Give back the lines below exactly, but do not include any pictures.

-- EXERCISE DATA --
....

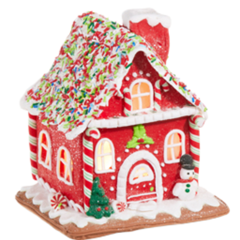 -Made of Clay Dough -Lighted Gingerbread House -Requires 3 AA Batteries
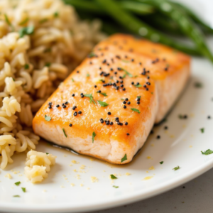 Once both the salmon and rice are cooked, it’s time to combine them. Serve the rice as a base, topping it with the perfectly cooked salmon. Garnish with fresh herbs like dill or parsley and a squeeze of lemon juice for added freshness.
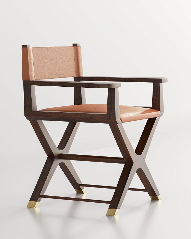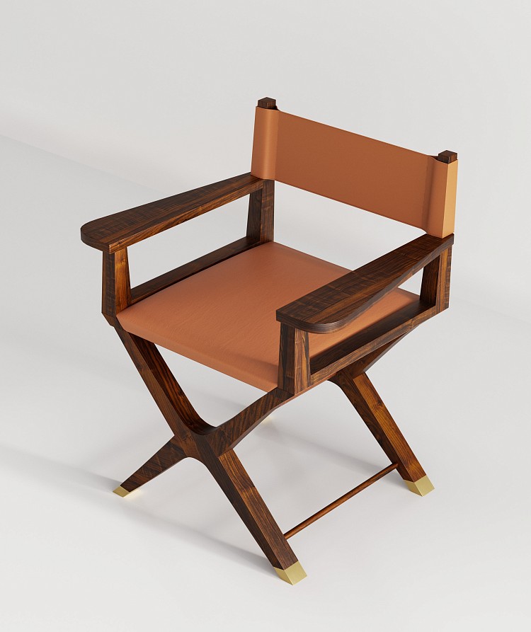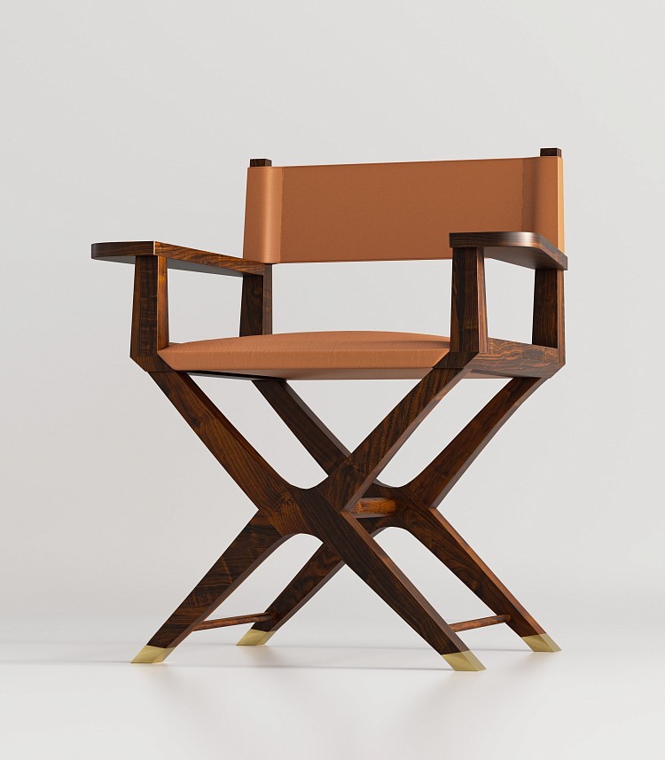 Наша трактовка модели, известной как “кресло режисера”. Но если традиционное режисерское кресло предназначено для съемочной площадки и педставляет собой металлическую складную конструкцию с холщовыми спинкой и сиденьем, то наше кресло создано для респектабельных интерьеров и радует глаз сочетанием дерева и кожи.
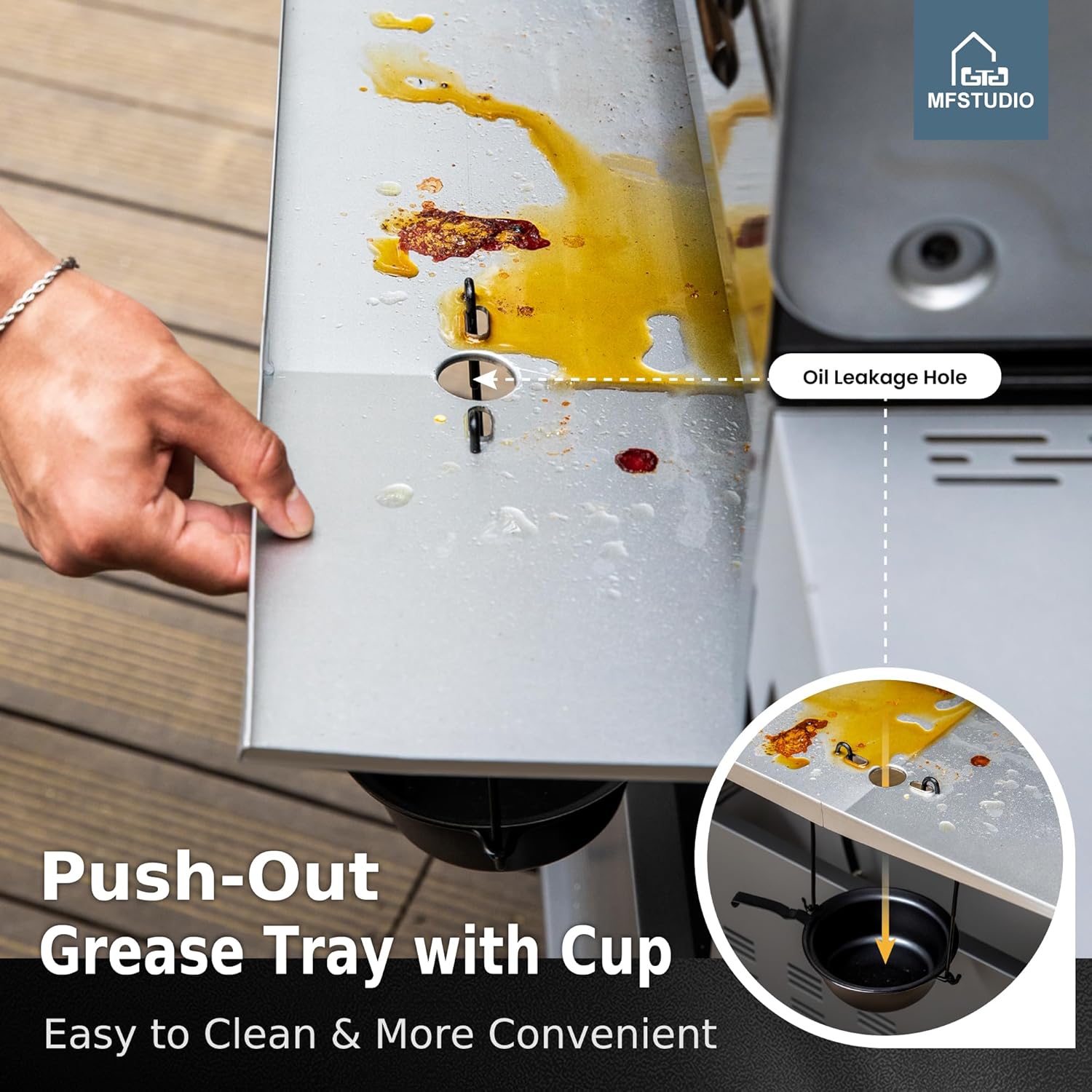 Easy to Clean Design:Non-stick surface and full-size pull-out grease tray make ite a breeze to clean

....

-- EXERCISE ANSWER --
 -Made of Clay Dough -Lighted Gingerbread House -Requires 3 AA Batteries
 Once both the salmon and rice are cooked, it’s time to combine them. Serve the rice as a base, topping it with the perfectly cooked salmon. Garnish with fresh herbs like dill or parsley and a squeeze of lemon juice for added freshness.
 Наша трактовка модели, известной как “кресло режисера”. Но если традиционное режисерское кресло предназначено для съемочной площадки и педставляет собой металлическую складную конструкцию с холщовыми спинкой и сиденьем, то наше кресло создано для респектабельных интерьеров и радует глаз сочетанием дерева и кожи.
 Easy to Clean Design:Non-stick surface and full-size pull-out grease tray make ite a breeze to clean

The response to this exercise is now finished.